(Dataset excerpts)
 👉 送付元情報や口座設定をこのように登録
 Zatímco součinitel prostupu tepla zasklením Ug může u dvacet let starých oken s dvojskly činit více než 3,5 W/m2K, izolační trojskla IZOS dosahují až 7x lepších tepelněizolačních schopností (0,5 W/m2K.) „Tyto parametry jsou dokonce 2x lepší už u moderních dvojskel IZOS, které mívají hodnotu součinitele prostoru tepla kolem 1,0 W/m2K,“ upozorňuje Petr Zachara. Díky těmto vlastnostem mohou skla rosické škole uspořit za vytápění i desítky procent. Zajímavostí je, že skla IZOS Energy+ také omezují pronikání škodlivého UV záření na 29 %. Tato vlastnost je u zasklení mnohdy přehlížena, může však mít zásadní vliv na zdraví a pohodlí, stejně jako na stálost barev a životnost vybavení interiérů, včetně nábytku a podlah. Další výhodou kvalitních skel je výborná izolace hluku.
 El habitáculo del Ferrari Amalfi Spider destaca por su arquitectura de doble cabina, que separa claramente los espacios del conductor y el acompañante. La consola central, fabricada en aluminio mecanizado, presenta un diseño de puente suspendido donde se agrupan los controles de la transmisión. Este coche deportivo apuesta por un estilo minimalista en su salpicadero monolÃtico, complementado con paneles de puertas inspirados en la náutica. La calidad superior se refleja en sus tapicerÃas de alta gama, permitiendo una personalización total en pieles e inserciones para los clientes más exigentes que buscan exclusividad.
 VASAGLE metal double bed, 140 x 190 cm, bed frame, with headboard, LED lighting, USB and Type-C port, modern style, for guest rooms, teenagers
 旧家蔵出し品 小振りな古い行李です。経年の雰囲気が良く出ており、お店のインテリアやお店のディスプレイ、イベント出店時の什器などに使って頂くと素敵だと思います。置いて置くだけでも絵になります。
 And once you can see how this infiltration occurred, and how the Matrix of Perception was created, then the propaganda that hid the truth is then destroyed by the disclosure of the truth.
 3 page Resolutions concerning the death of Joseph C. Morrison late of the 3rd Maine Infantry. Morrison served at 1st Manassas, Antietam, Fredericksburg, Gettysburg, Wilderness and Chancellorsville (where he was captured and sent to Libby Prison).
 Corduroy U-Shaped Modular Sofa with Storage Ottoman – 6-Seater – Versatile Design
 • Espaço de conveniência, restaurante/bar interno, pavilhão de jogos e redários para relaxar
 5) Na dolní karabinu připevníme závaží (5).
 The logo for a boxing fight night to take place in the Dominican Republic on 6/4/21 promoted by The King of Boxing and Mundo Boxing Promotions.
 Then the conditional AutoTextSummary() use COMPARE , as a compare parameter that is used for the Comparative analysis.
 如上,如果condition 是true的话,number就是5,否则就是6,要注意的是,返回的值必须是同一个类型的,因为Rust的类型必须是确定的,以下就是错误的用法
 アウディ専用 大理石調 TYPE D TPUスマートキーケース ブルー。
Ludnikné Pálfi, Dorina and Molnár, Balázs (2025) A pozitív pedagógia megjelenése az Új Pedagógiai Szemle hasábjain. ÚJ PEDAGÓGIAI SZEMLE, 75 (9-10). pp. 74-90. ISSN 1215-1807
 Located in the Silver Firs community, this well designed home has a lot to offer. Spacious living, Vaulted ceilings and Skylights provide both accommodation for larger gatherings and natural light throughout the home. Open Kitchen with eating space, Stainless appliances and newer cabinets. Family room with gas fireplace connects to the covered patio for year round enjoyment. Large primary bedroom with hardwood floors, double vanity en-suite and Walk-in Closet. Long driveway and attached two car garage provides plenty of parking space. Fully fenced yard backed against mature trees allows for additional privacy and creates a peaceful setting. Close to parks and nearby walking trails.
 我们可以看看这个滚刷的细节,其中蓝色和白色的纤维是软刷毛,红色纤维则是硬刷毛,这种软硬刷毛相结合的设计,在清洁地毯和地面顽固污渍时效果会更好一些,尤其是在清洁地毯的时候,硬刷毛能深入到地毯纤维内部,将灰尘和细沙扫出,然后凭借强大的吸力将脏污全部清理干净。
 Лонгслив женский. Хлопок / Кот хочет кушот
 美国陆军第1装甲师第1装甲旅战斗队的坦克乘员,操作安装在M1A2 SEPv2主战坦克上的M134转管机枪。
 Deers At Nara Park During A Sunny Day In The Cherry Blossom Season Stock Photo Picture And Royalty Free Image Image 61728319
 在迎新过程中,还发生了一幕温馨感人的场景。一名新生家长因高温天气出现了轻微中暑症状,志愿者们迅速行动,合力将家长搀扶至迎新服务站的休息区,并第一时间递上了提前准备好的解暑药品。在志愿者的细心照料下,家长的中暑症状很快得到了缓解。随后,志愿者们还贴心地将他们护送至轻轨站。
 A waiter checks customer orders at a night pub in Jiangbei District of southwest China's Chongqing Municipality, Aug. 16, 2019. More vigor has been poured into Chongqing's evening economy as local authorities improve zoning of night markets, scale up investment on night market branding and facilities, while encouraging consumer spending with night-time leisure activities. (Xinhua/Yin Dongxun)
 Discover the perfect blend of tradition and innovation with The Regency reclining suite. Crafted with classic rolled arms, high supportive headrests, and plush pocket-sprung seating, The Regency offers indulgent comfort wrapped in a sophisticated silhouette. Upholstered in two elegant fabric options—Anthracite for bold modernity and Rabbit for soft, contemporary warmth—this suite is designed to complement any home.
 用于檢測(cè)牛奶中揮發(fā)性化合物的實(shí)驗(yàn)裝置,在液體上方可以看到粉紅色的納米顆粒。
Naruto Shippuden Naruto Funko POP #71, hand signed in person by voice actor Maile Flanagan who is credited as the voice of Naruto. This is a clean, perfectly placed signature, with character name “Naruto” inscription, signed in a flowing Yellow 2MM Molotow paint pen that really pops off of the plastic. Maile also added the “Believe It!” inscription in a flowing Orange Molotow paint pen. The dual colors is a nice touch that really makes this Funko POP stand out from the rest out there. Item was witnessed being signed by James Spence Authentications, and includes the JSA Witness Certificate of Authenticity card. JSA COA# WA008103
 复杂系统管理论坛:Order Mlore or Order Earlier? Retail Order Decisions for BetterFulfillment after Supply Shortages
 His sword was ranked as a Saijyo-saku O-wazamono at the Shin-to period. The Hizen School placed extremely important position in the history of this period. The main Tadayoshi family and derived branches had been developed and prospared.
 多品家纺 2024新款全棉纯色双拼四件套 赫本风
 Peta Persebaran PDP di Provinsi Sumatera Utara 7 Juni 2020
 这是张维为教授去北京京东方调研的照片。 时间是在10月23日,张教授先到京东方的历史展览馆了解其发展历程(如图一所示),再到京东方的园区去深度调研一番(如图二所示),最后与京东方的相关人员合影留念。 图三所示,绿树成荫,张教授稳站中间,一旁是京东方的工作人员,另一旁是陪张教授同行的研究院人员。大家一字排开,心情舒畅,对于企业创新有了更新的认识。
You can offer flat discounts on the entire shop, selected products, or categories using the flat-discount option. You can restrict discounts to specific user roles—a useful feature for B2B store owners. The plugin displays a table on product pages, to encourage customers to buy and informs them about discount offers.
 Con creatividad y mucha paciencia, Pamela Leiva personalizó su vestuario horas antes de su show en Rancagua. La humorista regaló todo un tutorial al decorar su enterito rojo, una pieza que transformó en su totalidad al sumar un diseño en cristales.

** Exercise requirements **
Set down the data above once more so that nothing differs from the original.

** Result **
 👉 送付元情報や口座設定をこのように登録
 Zatímco součinitel prostupu tepla zasklením Ug může u dvacet let starých oken s dvojskly činit více než 3,5 W/m2K, izolační trojskla IZOS dosahují až 7x lepších tepelněizolačních schopností (0,5 W/m2K.) „Tyto parametry jsou dokonce 2x lepší už u moderních dvojskel IZOS, které mívají hodnotu součinitele prostoru tepla kolem 1,0 W/m2K,“ upozorňuje Petr Zachara. Díky těmto vlastnostem mohou skla rosické škole uspořit za vytápění i desítky procent. Zajímavostí je, že skla IZOS Energy+ také omezují pronikání škodlivého UV záření na 29 %. Tato vlastnost je u zasklení mnohdy přehlížena, může však mít zásadní vliv na zdraví a pohodlí, stejně jako na stálost barev a životnost vybavení interiérů, včetně nábytku a podlah. Další výhodou kvalitních skel je výborná izolace hluku.
 El habitáculo del Ferrari Amalfi Spider destaca por su arquitectura de doble cabina, que separa claramente los espacios del conductor y el acompañante. La consola central, fabricada en aluminio mecanizado, presenta un diseño de puente suspendido donde se agrupan los controles de la transmisión. Este coche deportivo apuesta por un estilo minimalista en su salpicadero monolÃtico, complementado con paneles de puertas inspirados en la náutica. La calidad superior se refleja en sus tapicerÃas de alta gama, permitiendo una personalización total en pieles e inserciones para los clientes más exigentes que buscan exclusividad.
 VASAGLE metal double bed, 140 x 190 cm, bed frame, with headboard, LED lighting, USB and Type-C port, modern style, for guest rooms, teenagers
 旧家蔵出し品 小振りな古い行李です。経年の雰囲気が良く出ており、お店のインテリアやお店のディスプレイ、イベント出店時の什器などに使って頂くと素敵だと思います。置いて置くだけでも絵になります。
 And once you can see how this infiltration occurred, and how the Matrix of Perception was created, then the propaganda that hid the truth is then destroyed by the disclosure of the truth.
 3 page Resolutions concerning the death of Joseph C. Morrison late of the 3rd Maine Infantry. Morrison served at 1st Manassas, Antietam, Fredericksburg, Gettysburg, Wilderness and Chancellorsville (where he was captured and sent to Libby Prison).
 Corduroy U-Shaped Modular Sofa with Storage Ottoman – 6-Seater – Versatile Design
 • Espaço de conveniência, restaurante/bar interno, pavilhão de jogos e redários para relaxar
 5) Na dolní karabinu připevníme závaží (5).
 The logo for a boxing fight night to take place in the Dominican Republic on 6/4/21 promoted by The King of Boxing and Mundo Boxing Promotions.
 Then the conditional AutoTextSummary() use COMPARE , as a compare parameter that is used for the Comparative analysis.
 如上,如果condition 是true的话,number就是5,否则就是6,要注意的是,返回的值必须是同一个类型的,因为Rust的类型必须是确定的,以下就是错误的用法
 アウディ専用 大理石調 TYPE D TPUスマートキーケース ブルー。
Ludnikné Pálfi, Dorina and Molnár, Balázs (2025) A pozitív pedagógia megjelenése az Új Pedagógiai Szemle hasábjain. ÚJ PEDAGÓGIAI SZEMLE, 75 (9-10). pp. 74-90. ISSN 1215-1807
 Located in the Silver Firs community, this well designed home has a lot to offer. Spacious living, Vaulted ceilings and Skylights provide both accommodation for larger gatherings and natural light throughout the home. Open Kitchen with eating space, Stainless appliances and newer cabinets. Family room with gas fireplace connects to the covered patio for year round enjoyment. Large primary bedroom with hardwood floors, double vanity en-suite and Walk-in Closet. Long driveway and attached two car garage provides plenty of parking space. Fully fenced yard backed against mature trees allows for additional privacy and creates a peaceful setting. Close to parks and nearby walking trails.
 我们可以看看这个滚刷的细节,其中蓝色和白色的纤维是软刷毛,红色纤维则是硬刷毛,这种软硬刷毛相结合的设计,在清洁地毯和地面顽固污渍时效果会更好一些,尤其是在清洁地毯的时候,硬刷毛能深入到地毯纤维内部,将灰尘和细沙扫出,然后凭借强大的吸力将脏污全部清理干净。
 Лонгслив женский. Хлопок / Кот хочет кушот
 美国陆军第1装甲师第1装甲旅战斗队的坦克乘员,操作安装在M1A2 SEPv2主战坦克上的M134转管机枪。
 Deers At Nara Park During A Sunny Day In The Cherry Blossom Season Stock Photo Picture And Royalty Free Image Image 61728319
 在迎新过程中,还发生了一幕温馨感人的场景。一名新生家长因高温天气出现了轻微中暑症状,志愿者们迅速行动,合力将家长搀扶至迎新服务站的休息区,并第一时间递上了提前准备好的解暑药品。在志愿者的细心照料下,家长的中暑症状很快得到了缓解。随后,志愿者们还贴心地将他们护送至轻轨站。
 A waiter checks customer orders at a night pub in Jiangbei District of southwest China's Chongqing Municipality, Aug. 16, 2019. More vigor has been poured into Chongqing's evening economy as local authorities improve zoning of night markets, scale up investment on night market branding and facilities, while encouraging consumer spending with night-time leisure activities. (Xinhua/Yin Dongxun)
 Discover the perfect blend of tradition and innovation with The Regency reclining suite. Crafted with classic rolled arms, high supportive headrests, and plush pocket-sprung seating, The Regency offers indulgent comfort wrapped in a sophisticated silhouette. Upholstered in two elegant fabric options—Anthracite for bold modernity and Rabbit for soft, contemporary warmth—this suite is designed to complement any home.
 用于檢測(cè)牛奶中揮發(fā)性化合物的實(shí)驗(yàn)裝置,在液體上方可以看到粉紅色的納米顆粒。
Naruto Shippuden Naruto Funko POP #71, hand signed in person by voice actor Maile Flanagan who is credited as the voice of Naruto. This is a clean, perfectly placed signature, with character name “Naruto” inscription, signed in a flowing Yellow 2MM Molotow paint pen that really pops off of the plastic. Maile also added the “Believe It!” inscription in a flowing Orange Molotow paint pen. The dual colors is a nice touch that really makes this Funko POP stand out from the rest out there. Item was witnessed being signed by James Spence Authentications, and includes the JSA Witness Certificate of Authenticity card. JSA COA# WA008103
 复杂系统管理论坛:Order Mlore or Order Earlier? Retail Order Decisions for BetterFulfillment after Supply Shortages
 His sword was ranked as a Saijyo-saku O-wazamono at the Shin-to period. The Hizen School placed extremely important position in the history of this period. The main Tadayoshi family and derived branches had been developed and prospared.
 多品家纺 2024新款全棉纯色双拼四件套 赫本风
 Peta Persebaran PDP di Provinsi Sumatera Utara 7 Juni 2020
 这是张维为教授去北京京东方调研的照片。 时间是在10月23日,张教授先到京东方的历史展览馆了解其发展历程(如图一所示),再到京东方的园区去深度调研一番(如图二所示),最后与京东方的相关人员合影留念。 图三所示,绿树成荫,张教授稳站中间,一旁是京东方的工作人员,另一旁是陪张教授同行的研究院人员。大家一字排开,心情舒畅,对于企业创新有了更新的认识。
You can offer flat discounts on the entire shop, selected products, or categories using the flat-discount option. You can restrict discounts to specific user roles—a useful feature for B2B store owners. The plugin displays a table on product pages, to encourage customers to buy and informs them about discount offers.
 Con creatividad y mucha paciencia, Pamela Leiva personalizó su vestuario horas antes de su show en Rancagua. La humorista regaló todo un tutorial al decorar su enterito rojo, una pieza que transformó en su totalidad al sumar un diseño en cristales.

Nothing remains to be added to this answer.